[ABOUT THIS EXERCISE] For the material below, reproduce exactly each line from the one that has "구강검진 등 꼭 챙기세요!" through the one that has "2014年8月9日在黄山风景区拍摄的云海美景。当日,安徽黄山风景区雨后放晴,出现了壮观迷人的云海。 新华社发(施广德 摄)", and no others; pictures stay out.

[MATERIAL SHOWN]
= = = = =
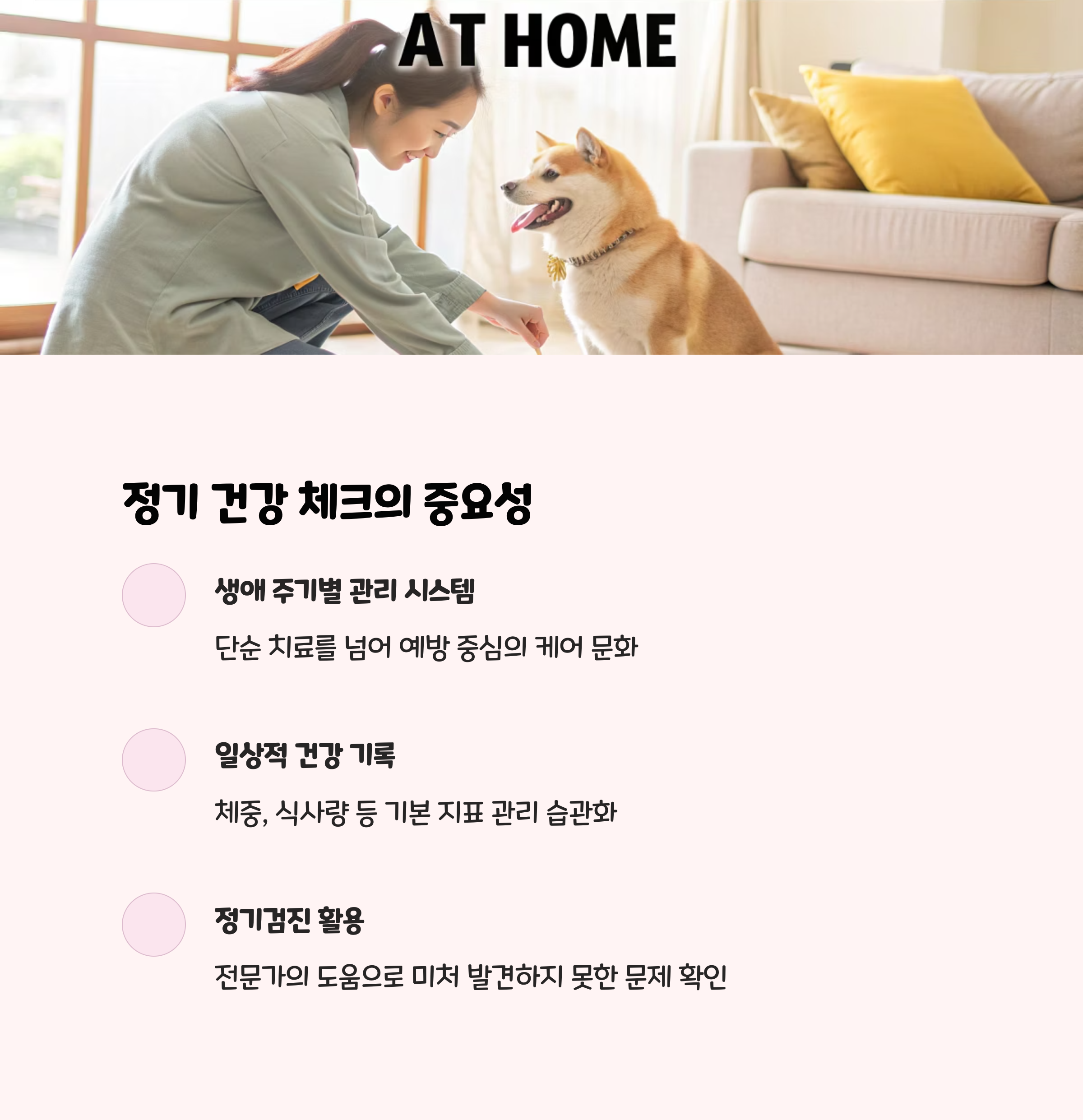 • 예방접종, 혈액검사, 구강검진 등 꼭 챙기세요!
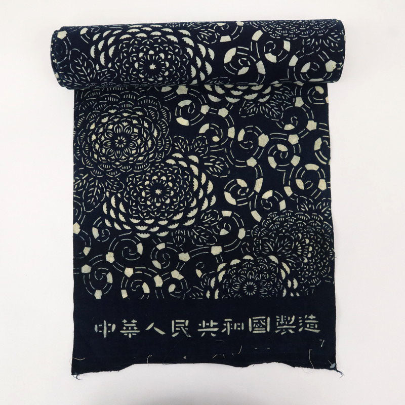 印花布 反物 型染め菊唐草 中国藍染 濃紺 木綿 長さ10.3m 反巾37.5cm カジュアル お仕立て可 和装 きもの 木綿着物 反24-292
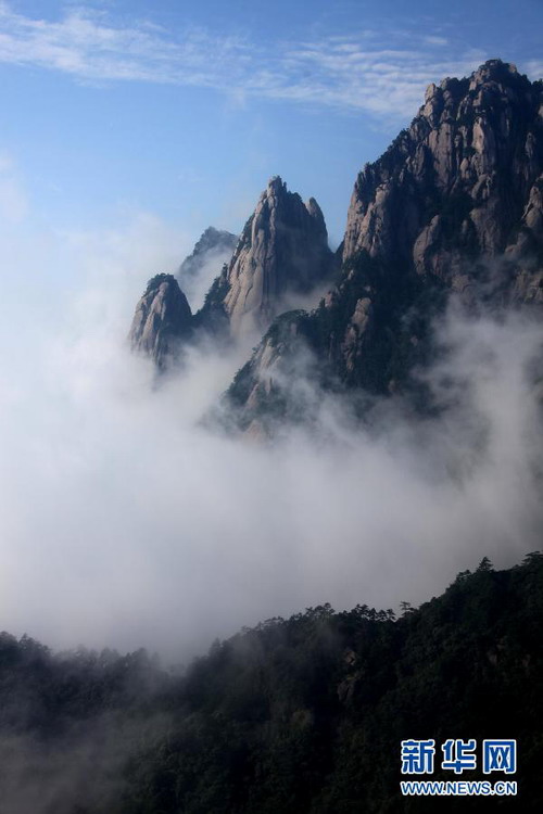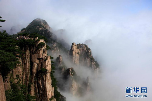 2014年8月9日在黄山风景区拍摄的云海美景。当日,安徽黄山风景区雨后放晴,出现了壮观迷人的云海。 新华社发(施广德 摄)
= = = = =
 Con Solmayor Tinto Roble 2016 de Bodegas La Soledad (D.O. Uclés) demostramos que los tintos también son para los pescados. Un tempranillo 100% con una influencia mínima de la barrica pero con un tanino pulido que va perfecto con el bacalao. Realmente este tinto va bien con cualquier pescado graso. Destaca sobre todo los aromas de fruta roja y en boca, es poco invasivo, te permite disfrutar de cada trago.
= = = = =
[TASK RESPONSE]
 • 예방접종, 혈액검사, 구강검진 등 꼭 챙기세요!
 印花布 反物 型染め菊唐草 中国藍染 濃紺 木綿 長さ10.3m 反巾37.5cm カジュアル お仕立て可 和装 きもの 木綿着物 反24-292
 2014年8月9日在黄山风景区拍摄的云海美景。当日,安徽黄山风景区雨后放晴,出现了壮观迷人的云海。 新华社发(施广德 摄)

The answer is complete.